When the tape finally finished, there was a lengthy pause – a quiet moment Jones and I shared together as we soaked in the great man's monologue. When the great communicator began talking again – Jones, that is – there was an emotional quaver in his voice and it was then that I fancied we both had tears in our eyes, although Jones's were unlikely to be the result of laughing.
How does one top that? was the obvious thought as I came back from the bathroom after cleaning myself up. A blast of trumpets quickly answered that.
"Hello, world," silked John Laws from the ramparts of his beloved Citadel of Courage.
And then The Golden Tonsils was away, keeping the dream of a long lunch at Catalina's alive. He had just spent the weekend out in the country after returning safe and sound from America courtesy of those wonderful people at Qantas, and he and the princess just could not believe how pleasurable to drive was the new Toyota Turbo-charged Landcruiser Delux XXXLX ......
Sadly, work called and I had to pull myself away from Laws's hypnotic spiel, but not before he got in an almighty spray against the state's agriculture minister.
Well, this moron of a minister, this laughable lunatic on the red leather seat, this captive of the Chardonnay socialists and a fool beholden to the Balmain basket weavers had allowed a noxious weed to grow wild in some Crown waterway somewhere up in provincial NSW, hadn't he? If memory serves, it was some virulent strain of water hyacinth, although Laws kept referring to it by its scientific name, Valvalinus youknowwhatimeanis. Now, Laws had spoken to many farmers about the dangers of letting that happen, and by jove you've got to listen to farmers because it's their land and they treat it right. Have to! It's their living and they'd never do anything to hurt it. They told me, John, the first good rains are going to wash that weed right out of that reserve and into the waterways of the state and beyond and then Australia will never get rid of it. Well, folks, that's just what happened over the weekend.
Sadly, I had to race out of the house so didn't hear whether the minister had done the right thing and resigned that morning.
I spent the next 20 minutes in the train, trying to work out how I felt about these two great radio men of Sydeney. Now that I was a Sydeneysider myself, should I listen to them every morning? For that matter, was I required to? Could you be fined if you didn't? And what if you ever disagreed with them? What if Laws's citadel of courage turned out to be nothing more than a Bastion of Bombastry.
A few minutes later, I was never to doubt them ever again.
Is this normal for this time of day, I thought as I emerged blinking from Town Hall Station to find traffic at the George and Bathurst intersection in absolute gridlock. A white-faced man nodded further up George Street towards Circular Quay and uttered just one word and it chilled my bones: "Hyacinth!"
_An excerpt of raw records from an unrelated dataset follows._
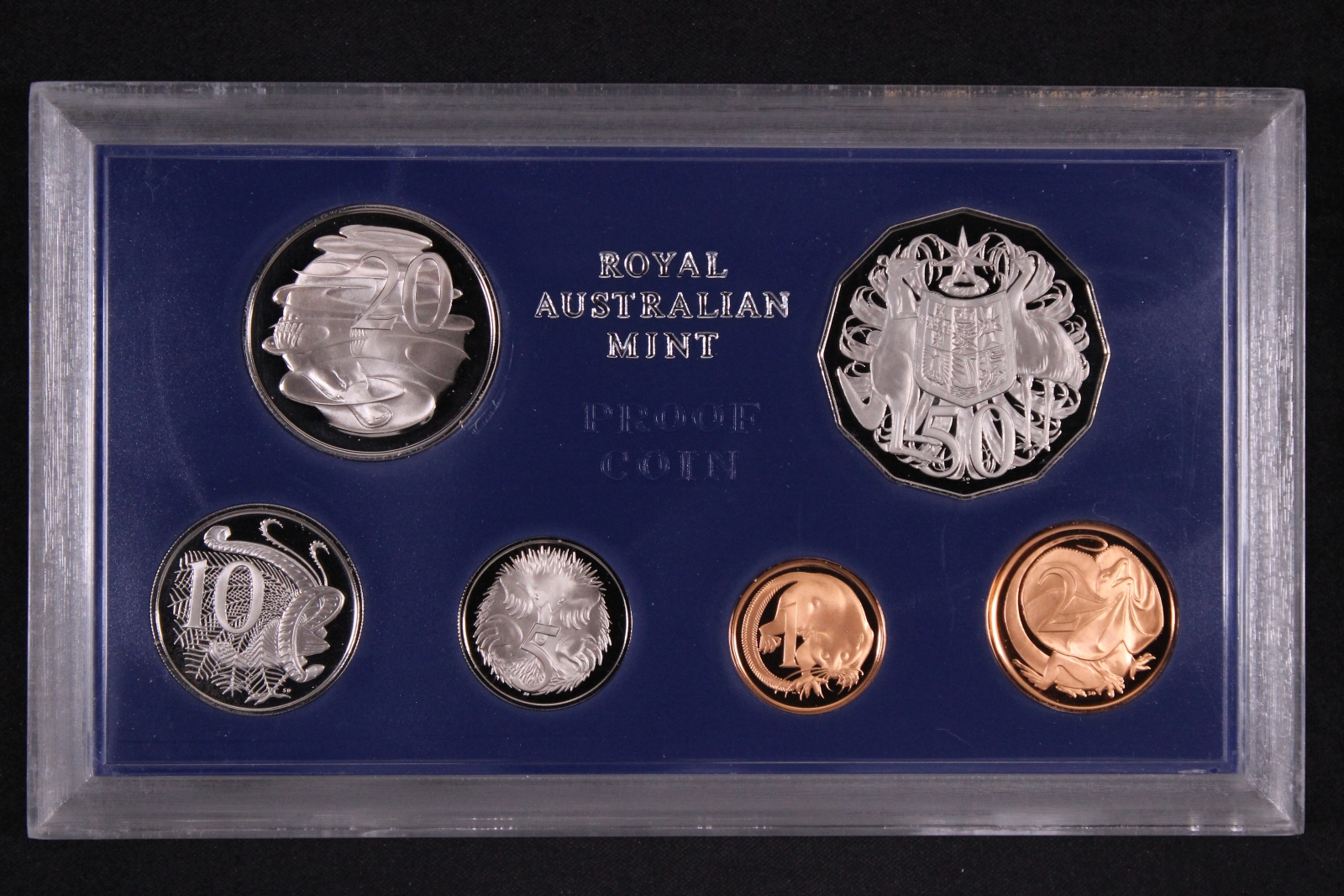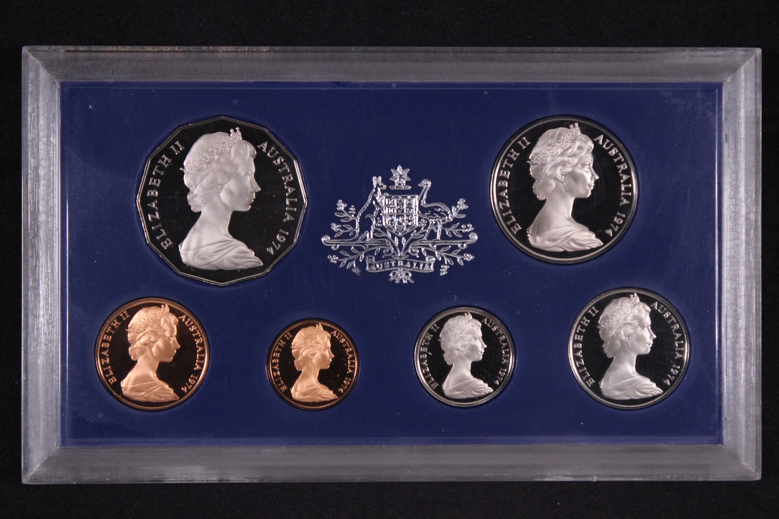 Australia 1974 proof coin set struck and packaged by the Royal Australian Mint. Comes with outer foam packaging. Scarce date – only 11,103 sets issued.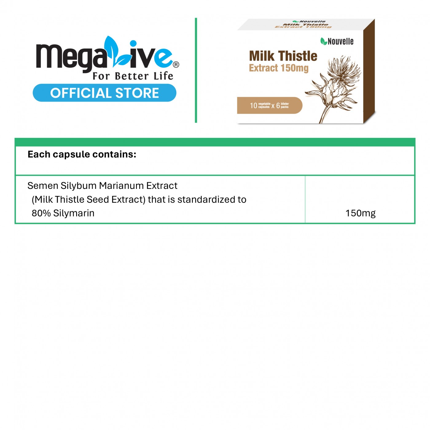 Semen Silybum Marianum Extract (Milk Thistle Seed Extract) that is standardized to 80% Silymarin – 150 mg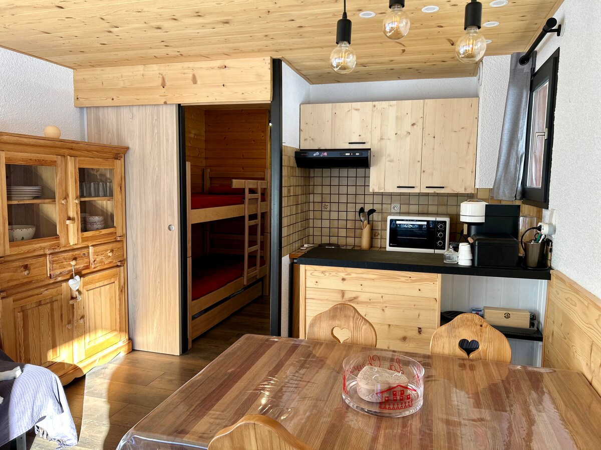 Välkommen till vår lägenhet med 2 sovrum, perfekt för en oförglömlig vistelse i bergen. Beläget på bottenvåningen erbjuder det direkt tillgång till sluttningarna i Bellevaux-la-Chèvrerie och Lake Vallon. Njut av bekvämligheten i ett sovrum med 2 enkelsängar, ett vardagsrum med bäddsoffa, ett badrum med badkar och en vacker solig terrass för att koppla av efter en dag i backarna eller efter vackra vandringar! Passar utmärkt för familjer och grupper på 4 personer.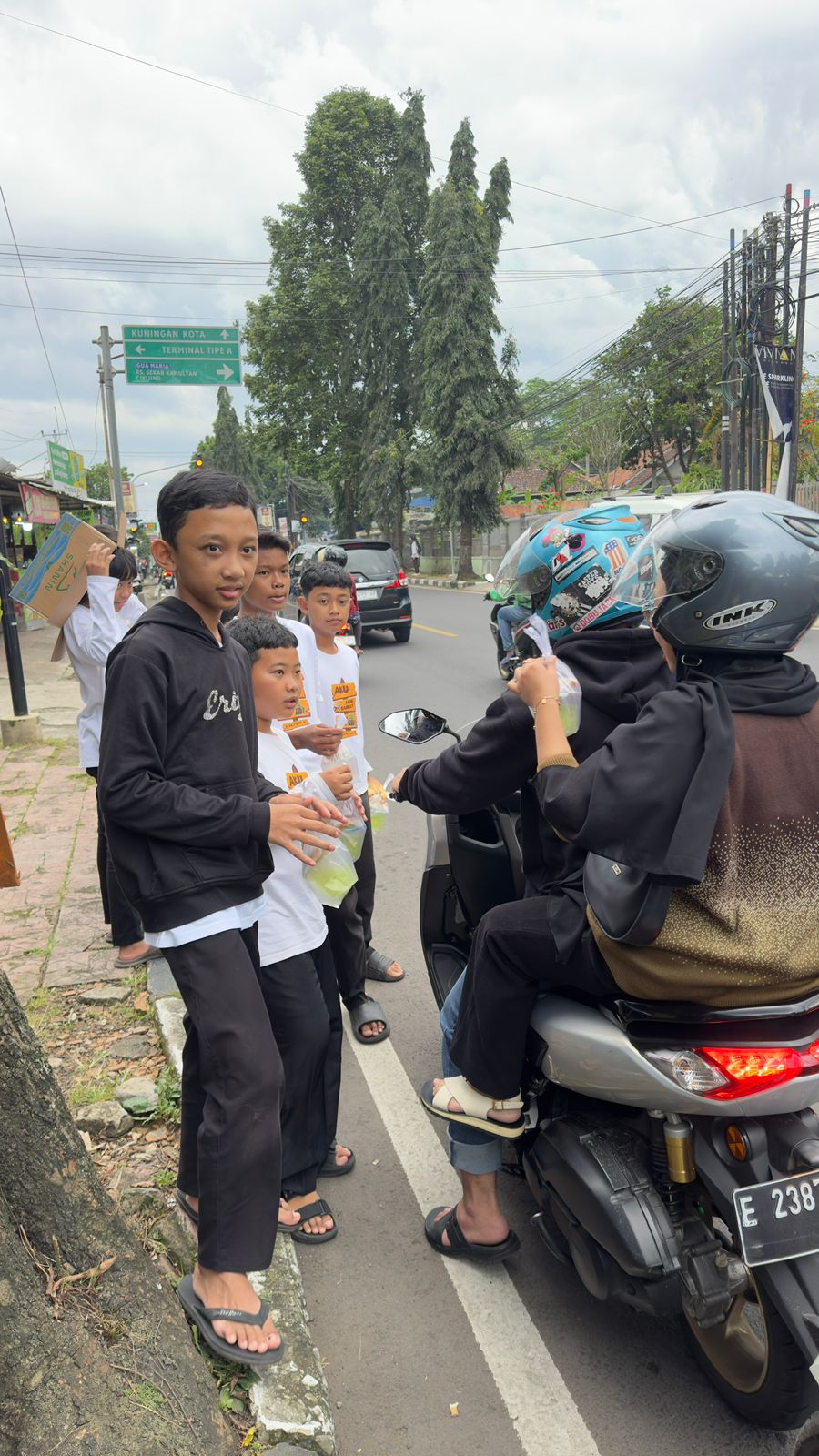 LIPUTAN KUNINGAN –Puluhan Santri Perwakilan dari Pesantren Kilat (Sanlat) Dewan Kemakmuran Masjid (DKM) Al-Ashri Perumahan Alam Asri Kuningan Jawa Barat menggelar kegiatan berbagi takjil bagi para pengguna jalan raya, yang dipusatkan di lokasi Taman Cirendang Kuningan sore hari ini, Sabtu (28/2/2026).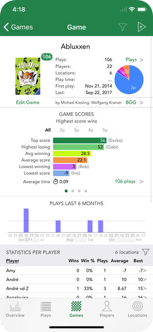 Keep track of your Board Game plays and scores in this easy to use tool. View statistics and graphs for your games, plays, and other players. - How many games did you play recently? - Who scored the highest for a game? - With whom did you play and who wins more? - Did you improve your score from la…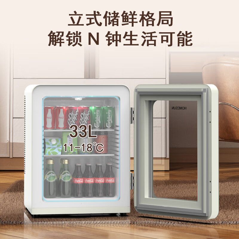(特)奥达信【新品】复古小冰箱静音家用客厅桌面冷藏冷冻保鲜美妆冰箱迷你茶叶保鲜柜冰吧学生宿舍床头冰箱 BCG41E-奶油白玻璃门(静音款)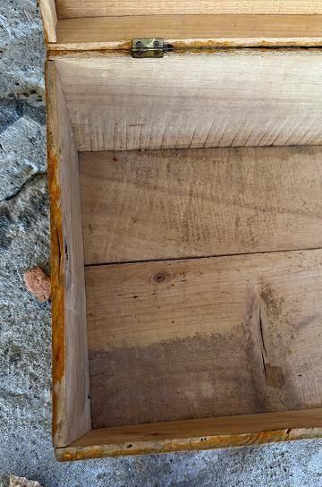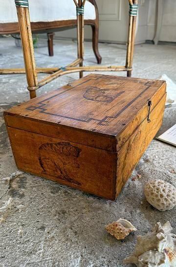 ![]() 蓋もついて5、6mmの厚みのパインの板で作られていて、ややっゆがみはありますが、留め金具もオリジナルで引っ掛けて止まります | ![]() 箱の中には、くしやブラシ、タオル入れなど見せるインテリアとして欠かせない仔猫マークの古いアンティークケースです。 | ||||||||||||||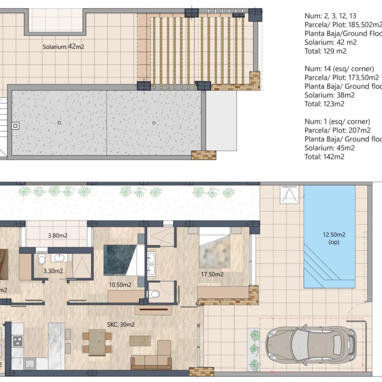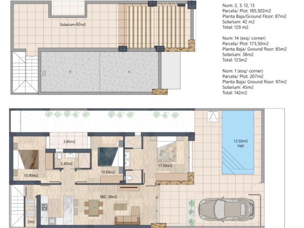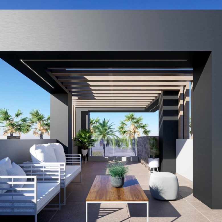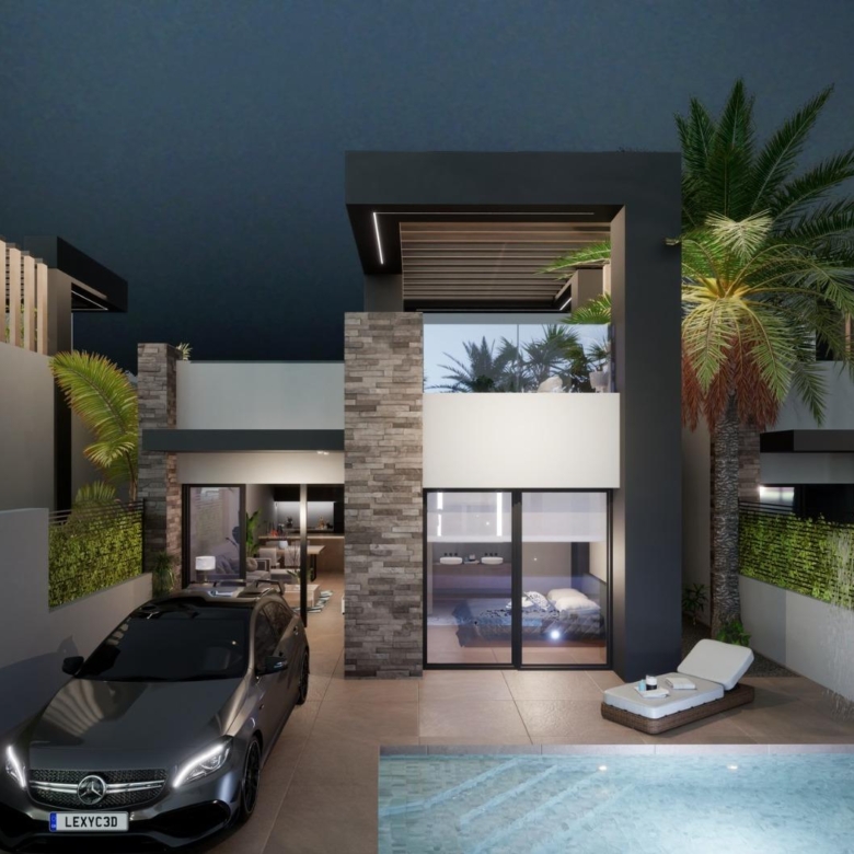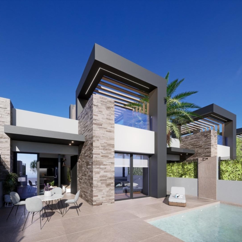 Las villas modernas tienen 3 dormitorios, 2 cuartos de baño, una sala de estar abierta y la cocina están todos en un nivel.

Yes, absolute tonnes of the stuff had smashed its way through the road surface at the corner of Market and George. By midday, it had clogged the entire inner-harbour and the ferry fleet's propellers had ground to a halt.
Even now, almost four years later and after a multi-million dollar clean-up operation that has only just concluded, Olympic visitors will notice just how green the harbour waters are from when the hyacinth was first poisoned and then shredded, its mass simply too great to consider physical removal.
No, I'm never, ever, going to disagree with Laws – or Jones – ever again.
If either tells me that Rams Home Loans or Qantas or Optus or Westpac or whatever are the way to go, then I'll go that way.
For the world is Sydeney and Sydeney believes their every word.